Violence is gamey. It can move a game along even when there is no story.
Gaming is an incredible diverse medium, and violence clearly is not the be all and end all. That it usually is reflects poorly on us and of writers and designers.
Witcher 2 is clearly a very violent game, but I always admired the choices it gives Geralt and the player in what was built as the final major showdown.
I've not played Watch Dogs 2 (yet), but I also admire the apparently robust options for a more pacifist playstyle. Action and gameplay systems can be enjoyed without casual, consequence-free murder being a primary gameplay loop (I feel it would've been more brave had Ubisoft ditched firearms entirely from the story - make a disdain for murder part of his character and the gameplay the player takes control of).
I see it (very rarely) used effectively in cutscenes, but I think cutscenes are far too overused and would prefer more minimalist stories that rely on environmental storytelling, the way only games can. Games don't need cutscenes and dialogue as much as the AAA publishers would have you believe.
That's fine for your own tastes, and I can certainly understand them; most major games are forever trapped within a thickheaded identity crisis, flip-flopping between passive and interactive - between simply sitting there watching filmic scenes and then actually 'playing' the thing. It's arguably a rather lazy form of design - relying on the ease and simplicity of passive sequences to flesh out what a dev's unable to do through mechanics, structure, other concepts, or environmental narrative, and so on.
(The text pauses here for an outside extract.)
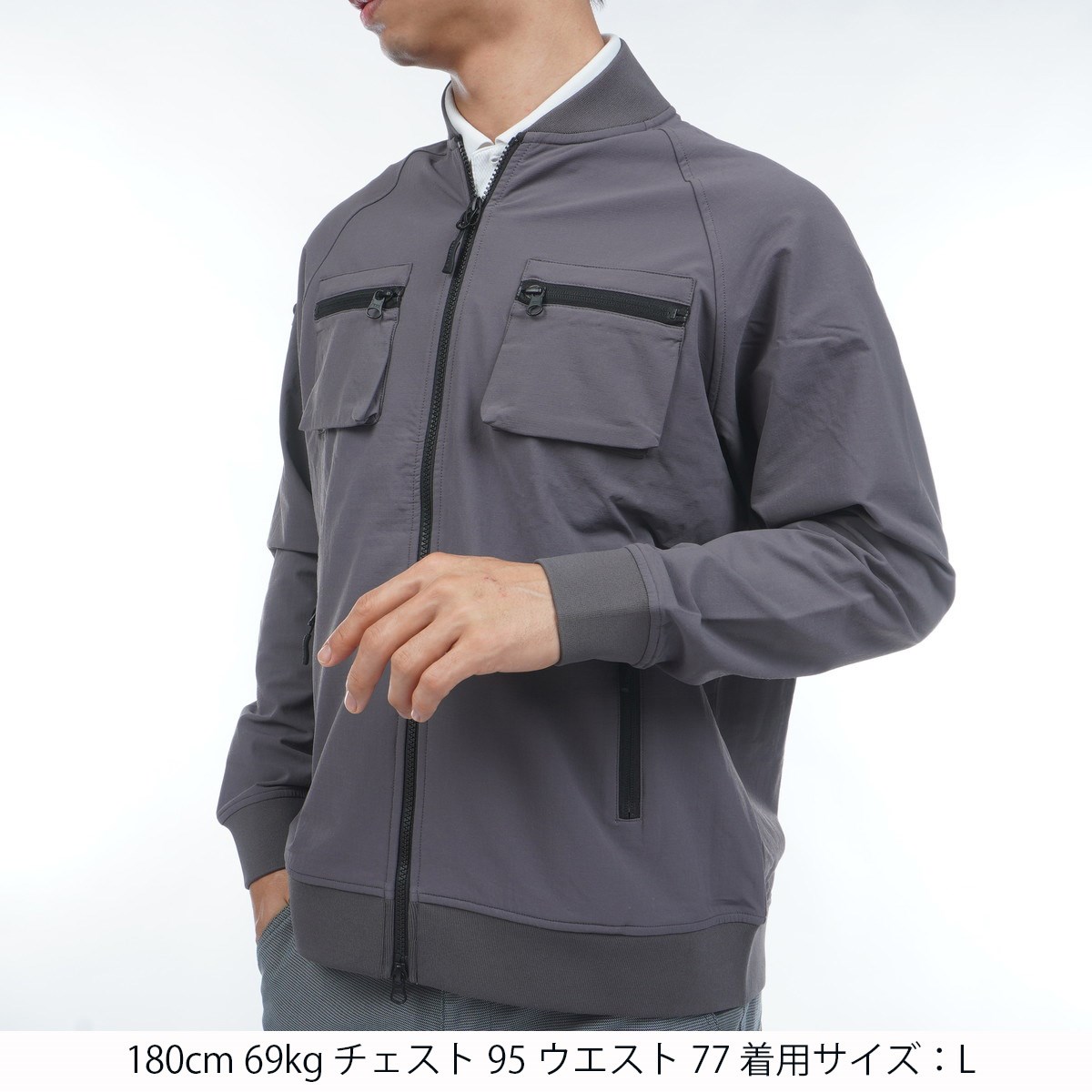 フロントに配したポケットのアクセントが目を引くブルゾンは、いつもの装いにプラスしただけで着こなしが決まる、コーディネートの主役におすすめな1着。

But on t'other hand; gaming
is a unique mishmash of passive and interactive media. A film cannot ask for your input, neither can a book or sculpture. It's natural for gaming to take advantage of all that's available to it. That it's generally done lazily doesn't impact its essential merit (or potential).
Depending on the game, and what it's setting out to achieve, passive cutscenes are just fine.
For now, and this stage of the medium technologically? I think stuff like BioWare's 'sex' scenes get the job done; DA:I was a variously awful game [that I still ended up hugely enjoying when I sussed just how much of its vapid filler 'content' could be willfully ignored], but I felt the romance arcs were excellent (at least the one's I've seen so far). They represent progress in the right direction in terms of how relationships and sexuality's presented in a game's story (games very rarely even acknowledge that their cast members
have sexual orientations, preferences, opinions on sex, etc).
People pour scorn on some of BioWare's LI scenes, but frankly I'm more personally proud of the medium and its fans when people enthuse over empathetic emotional entanglements (which sex can be a part of) in a game as opposed to mindless violence and aggression, so, again, they are a step in a positive direction[footnote]...and no, to anyone who may get triggered by critique; empathetic emotional entanglements need not 'replace' mindless - typically masculinist - violence and aggression, but broader exploration of the spectrum is important for the medium's health.[/footnote].